# Some Foil Pictures



## nivrnb (Mar 3, 2012)

Just wanted to share some of the foil pictures I have taken with everyone. Not the best, but pretty cool. I think the gallery is the best part of the forum.


----------



## nivrnb (Mar 3, 2012)

Con't


----------



## Geo (Mar 3, 2012)

they look nice and clean to me. if you mean the solder mask, thats a non issue as you will leave that in the filter when you dissolve. normally when i collect foils its got a little bit of everything mixed in with it. :lol: my solution is always green. ive come to expect it. but then again i try not to collect until i have at least a half ounce of foils dry. thats why i dont show my foils much, i think this was my cleanest foils (well, that came out of AP anyways).


----------



## crazyscience (May 28, 2012)

nivrnb said:


> Just wanted to share some of the foil pictures I have taken with everyone. Not the best, but pretty cool. I think the gallery is the best part of the forum.

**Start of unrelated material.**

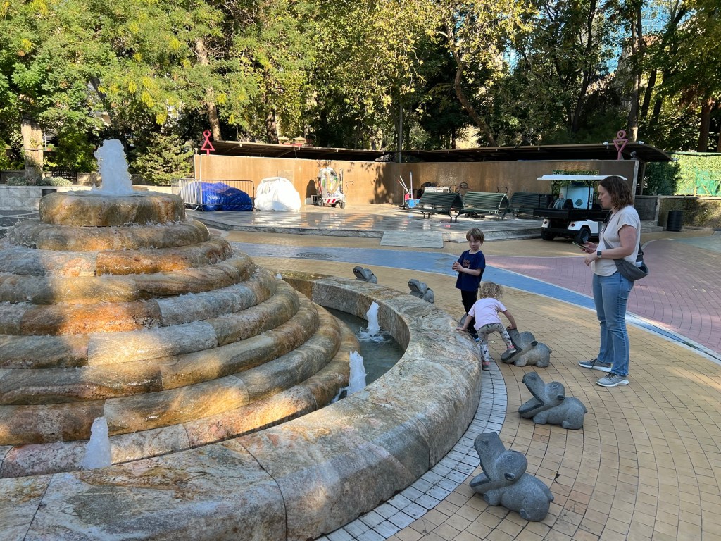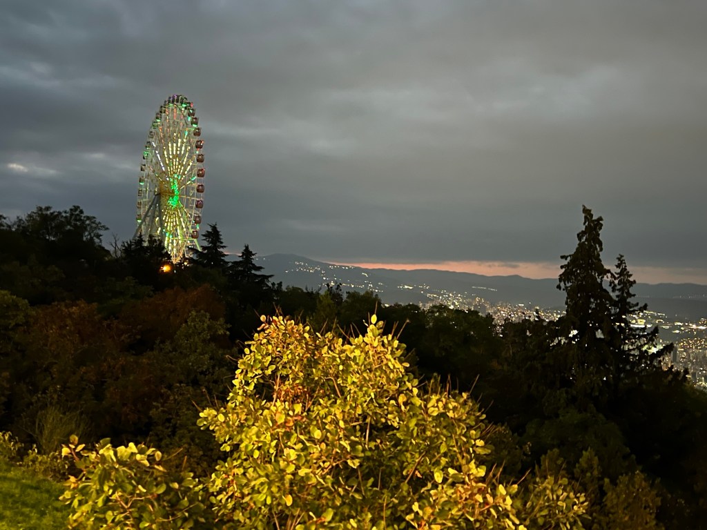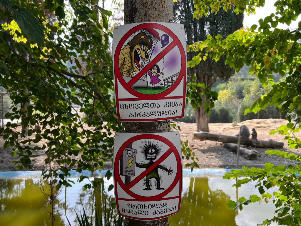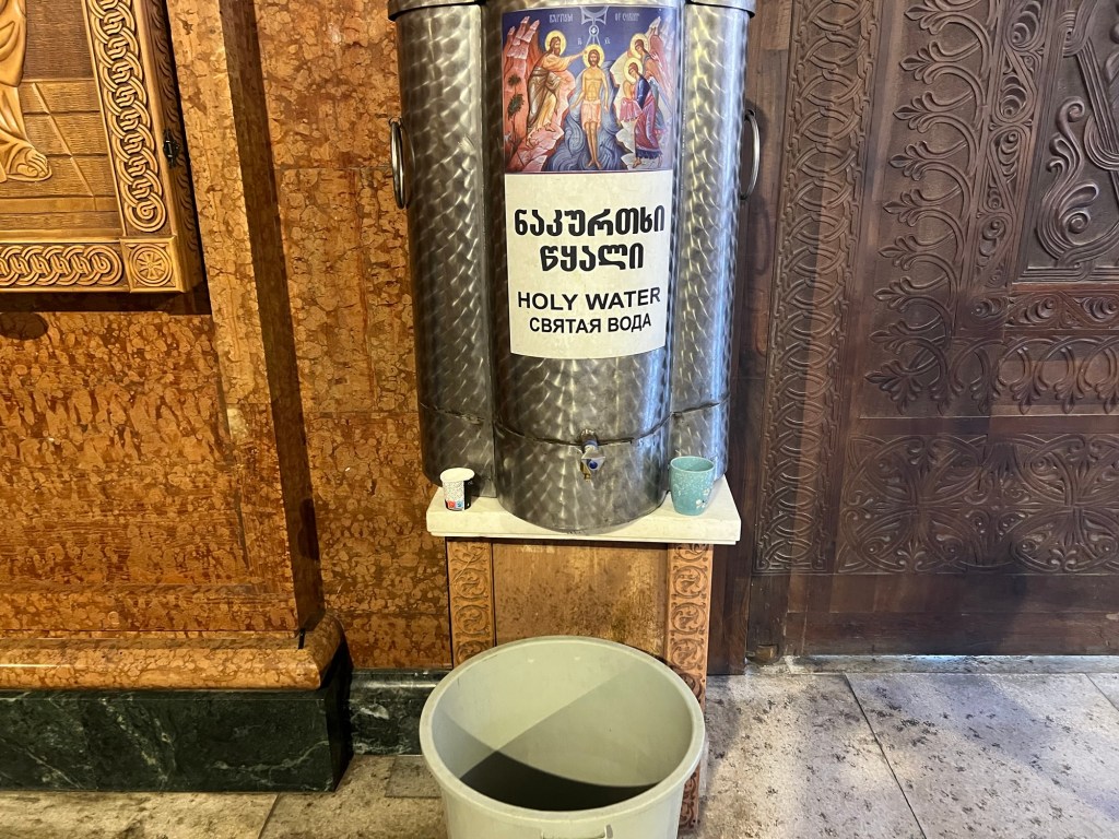 The latte art on my morning beverage after the grocery store unexpectedly didn’t open until 9a when the plan was to get food for the kids and play in the park. Well I showed up before 8a, not even thinking it wouldn’t open until 9a. Slightly grumpy, then had AI find me this coffee shop that had breakfast that happened to be near the big church we wanted to go to, so I came back and got Katy and an Uber whisked us off.A giant church in the middle of Tbilisi, visible from most places in town. Newly built. Shiny. Two communal cups you can use to drink the holy water. Due to its holy nature this is sanitary. Enough water in the bucket for a little bathing, but I only saw people drinking it from the blue cup. Tbilisi zoo is definitely a grade C zoo. Does not compare at all to the amazing Baku zoo. Total admission price $3.75 for 3 people, Rose freeRose rode the swings and cars. A little lower stakes than the Ferris wheel. I asked Katy if I could ride the Ferris wheel with Archer, her mouth dropped open, her right eye twitched, and then she turned around and continued walking like I had said nothing. I took that as a no.The last 3 days archer and I went out and explored while Rose napped. Katy chose to stay in and nap/decompress/not see any humans. Today I was feeling rather “short” with the kids, and Katy let me go and get some Georgian tea to take home and have a beer and decompress. The tea shop was not what I was looking for, but the beer was cold.We then went to go to the digital art museum. Turns out that the entries are tours every two hours. Rose then spotted a donut with pink icing and sprinkles and the options were to give her the donut or else. We chose the donut.We split a tarragon flavored local naturally sparkling mineral water. Way better than it sounds. This is now the only water Katy wants to drink in Georgia, even if it is $1 vs $0.15 for a bottle. High roller she is.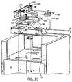 FIG. 22 is a perspective view of an alternative embodiment of a coin collecting machine with the upper portion of the cabinet removed, and illustrating a fill tray assembly.

5/28/12- i have an aqua regia solution (nitric acid and HCL) premix.. it disolves whatever it touches so how do i precipitate the gold out of the solution which is very rich with gold, i need sum guidance contact me at [email protected] thanks


----------



## Harold_V (May 29, 2012)

crazyscience said:


> i have an aqua regia solution (nitric acid and HCL) premix.. it disolves whatever it touches so how do i precipitate the gold out of the solution which is very rich with gold, i need sum guidance contact me at [email protected] thanks


We don't work that way here. Readers are never encouraged to solve problems off the board, as others don't benefit. That's not to say that some concerned soul may not take you under his wing and teach you the things you should already know. 

Have you read Hoke's book? If not, why not? The question you have asked should never have been asked. If you don't understand the process of precipitation, you have no business dissolving gold in the first place. Have you addressed base metals? Have you tested with stannous chloride? Have you used an excess of nitric acid? If so, how much? And, again, if so, how do you intend to eliminate the excess? You won't have much success recovering the values if you don't. 

Do yourself a favor and start reading, so you understand the basics. Right now you're trying to run a marathon, and don't know how to run.

Harold


----------